I am a self-studies and this is a hw problem from a complex analysis scourse I've been doing.
The problem set pertains to the topic Automorphism Groups and has a high concentration of fractional linear transformations. So I would be appreciative of any help, but especially if those concepts are applicable.
Show that for any points $a, b\in D$, the unit disk, there is a unique circle $C$ passing through $a$ and $b$ and meeting $\partial D$ orthogonally. (Suggestion: Prove first that the only circles through $0$ and perpendicular to $\partial D$ are diameters of D.)
As far as the hint goes, it makes sense that radii are perpendicular to tangents to the circle, so if the radii lie on a line, it is a diameter. But this doesn't seem like much of a proof.
Also as far as the general case, I can see how a circle through $a$ and $b$ and centered outside of $D$ can have orthogonal intersections with the $\partial D$ and how the respective right triangles formed by $0$ and the two tangents to the circle from the center of $C$ work.

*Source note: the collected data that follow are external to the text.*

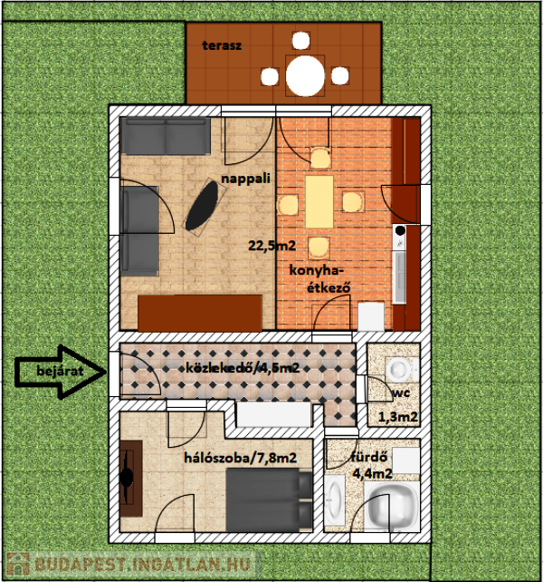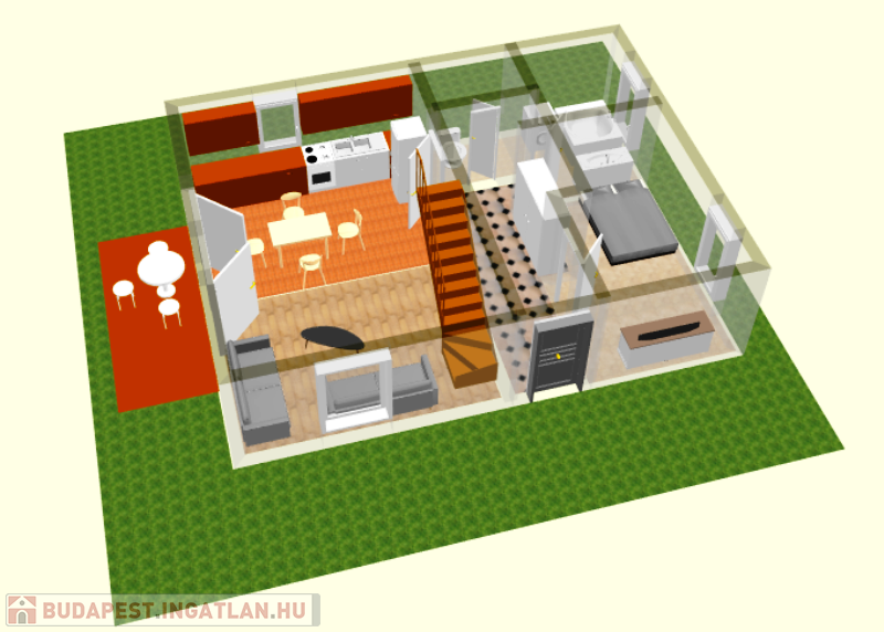 - konyha-étkező- nappali, hálószoba, fürdőszoba , wc a földszinten
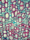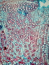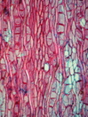Morphology H, 10-40 cm Ecology subalpine, alpine, medium site Chorology Alps Xylem Stem mostly fluted. Parts of the stem get laterally isolated and form a radial oriented strip. Distinct and indistinct rings, remaining vascular bundles, semi-ring porous and diffuse porous, vessels solitary and in small groups, vessels thick walled with round intervessel pits, vessel diameter 30-50 µm, simple perforations, fibers absent, parenchyma pervasive, Rays absent inside vascular bundles, between them very large rays with thin-walled, unlignified cell walls. Xylem-Code Phloem With sieve-cell groups, mostly in tangential rows. Few cornels of crystal sand. Explanations For explanations please see the Feature Characteristics. | Cross section Tangential section Radial section Bark | |
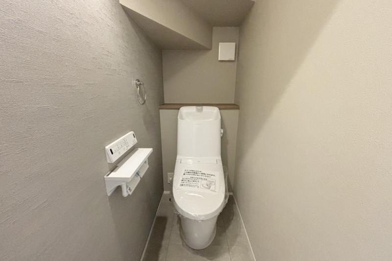 手洗いは吐水口とボウルが滑らかにつながったデザイン。便座もシームレスで便座裏には防汚素材を使用し、お掃除のしやすいフチのないデザインとなっています。また、パワーストリーム洗浄で強力な水流が便器鉢の中のすみずみまでしっかりと回り、少ない水で高い洗浄力を発揮します。

But I would appreciate help proving the existence and uniqueness. Especially if there is a way using fractional linear transformations.
Thanks
different problems may be easiest in different models. This one is best in the upper half plane. You need to know that any Mobius transformation preserves angles (including right angles) and maps any line or circle into either a line or circle.
To take the unit disc to the upper half plane, use $$ f(z) = \frac{z + i}{iz+1}. $$
To take the upper half plane to the disc, use $$ g(z) = \frac{iz + 1}{z+i}. $$ Which, now that I look at them together, are just reciprocals.

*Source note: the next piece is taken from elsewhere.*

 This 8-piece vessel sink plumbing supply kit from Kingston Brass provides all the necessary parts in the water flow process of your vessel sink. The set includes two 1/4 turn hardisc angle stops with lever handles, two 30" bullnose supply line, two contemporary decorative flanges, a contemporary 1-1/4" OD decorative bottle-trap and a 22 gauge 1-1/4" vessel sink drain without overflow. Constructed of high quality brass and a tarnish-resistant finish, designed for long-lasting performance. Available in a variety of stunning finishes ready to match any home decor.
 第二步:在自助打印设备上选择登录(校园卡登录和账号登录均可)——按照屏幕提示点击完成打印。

In the upper half plane, given two distinct points, there are just two possibilities. If two points are on a vertical ray, because both have the same real part, that is the line through them. If the two points have different real parts, draw the ordinary line segment between them, draw the perpendicular bisector of that segment, it meets the real axis at a point, call it $P.$ The semicircle with center at $P$ that passes through both original points is what you want.
In both cases, the curve described is mapped to the unit disc to either a diameter or a circular arc that is orthogonal to the boundary. It is worth the exercise to find out what happens to $z = A + i e^t$ under the mapping $ g(z) = \frac{iz + 1}{z+i}. $ Here $A$ is real constant, $t$ the real variable.